# A new CA question???



## tseger (Jun 14, 2006)

I am having a terrible time keeping my ca comming out of the bottle.
It always hardens in the tip and I find myself having to clean the
tip out every time I go to use the bottle.Does any one have a tip
for keeping this from happening? It's no biggie I guess, just a 
pain in the hinney.


----------



## loglugger (Jun 15, 2006)

Tseger, before you put the cap on make sure there is no glue in the snout. I tap the bottle on the bench then squeeze real gentle and let it suck all glue back into the bottle then put the cap on and keep the bottle upright.  
Bob


----------



## Nolan (Jun 15, 2006)

same as bob here and also buy replacement tips so you can replace when they get bad( so the ca stays fresh)
Nolan


----------



## Mac In Oak Ridge (Jun 15, 2006)

Don't put the top back on.  Get a large jar, plastic or glass with a good air tight lid. Make it large enough you can get your hand into, easily.  Put the open bottle of CA in the jar and close the lid.  It will stay fresh for months in there.  When you open it you'll get a wiff of CA, take bottle out and put lid back on to keep the atmosphere in there saturated with CA fumes. I keep my thin and thick CA this way and have had bottles last 6 months or more, open in the jar.

When I put the bottle of CA back in the jar, I drop it just a little.  That jarrs the tiny droplet of glue that usually is in the tip out, vary rarely do I ever find a clogged tip.


----------



## JimGo (Jun 15, 2006)

CSUSA also sells these things called "cherry pickers", and you can use those to plug the hole and clear it.


----------



## Dario (Jun 15, 2006)

I too never put the cap back on.  Whenever CA builds up on the tip, I just get my pliers and gently break it off (don't squeeze too much [])


----------



## ken69912001 (Jun 15, 2006)

Leave it uncapped.


----------



## huntersilver (Jun 15, 2006)

I too leave it uncapped in a small plastic tote so it can't fall over.


----------



## tseger (Jun 15, 2006)

Thanks for all the tips. I'll sure try them out and see what works for me.


----------



## jack barnes (Jul 4, 2006)

I take the tip off and drop it in a jar of acetone after about half hour take the tip out and it just like new


----------



## Pikebite (Jul 4, 2006)

I always keep my CA in the refrigerator when it is not in use.  Helps to keep it fresh and stops it setting in the tip.


----------



## tseger (Jul 4, 2006)

I ended up cutting a piece off the end to make the tip just a little bigger, give it a few taps on the lathe stand, and a good wipe down w\ a paper towel. Seems to have solved the problem.
Richard, Thanks, I think I will start storing in the fridge when not in use.
Thanks all for your comments and suggestions!!!


----------



## Dario (Jul 4, 2006)

> _Originally posted by Pikebite_
> <br />I always keep my CA in the refrigerator when it is not in use.  Helps to keep it fresh and stops it setting in the tip.

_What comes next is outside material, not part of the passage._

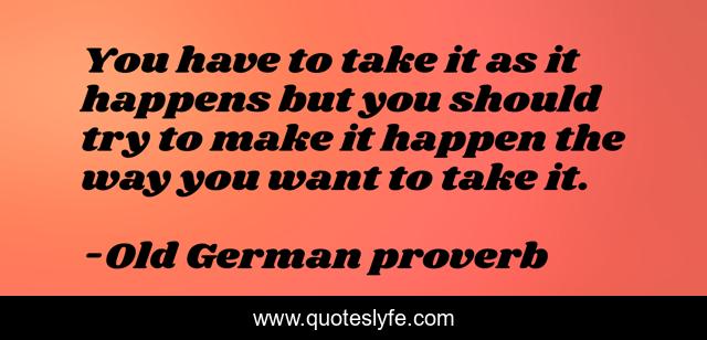 This page presents the quote "You have to take it as it happens but you should try to make it happen the way you want to take it.". Author of this quote is Old German proverb. .

Not sure if this is a good advice.  If you have low humidity, this might work.

Here in San Antonio, TX where humidity is high, it can mess your CA right away.  Bringing opened CA out from the fridge will cause water condensation.  FYI water, is a CA accelerant.  Before you know it, your CA will become thicker and eventually go bad.

I do store UNOPENED CA bottle in the fridge.  I let it out for a few hours before opening it though...else you will have the problem I just described above.  DAMHIKT []


----------



## Pikebite (Jul 5, 2006)

> _Originally posted by Dario_
> <br />
> 
> 
> ...



The reason I store it in the fridge is after talking to a large supplier of CA here in England. Five Star Adhesives sell at least 10 types of CA including black and odourless CA. They suggest storing all CA sealed, in the fridge.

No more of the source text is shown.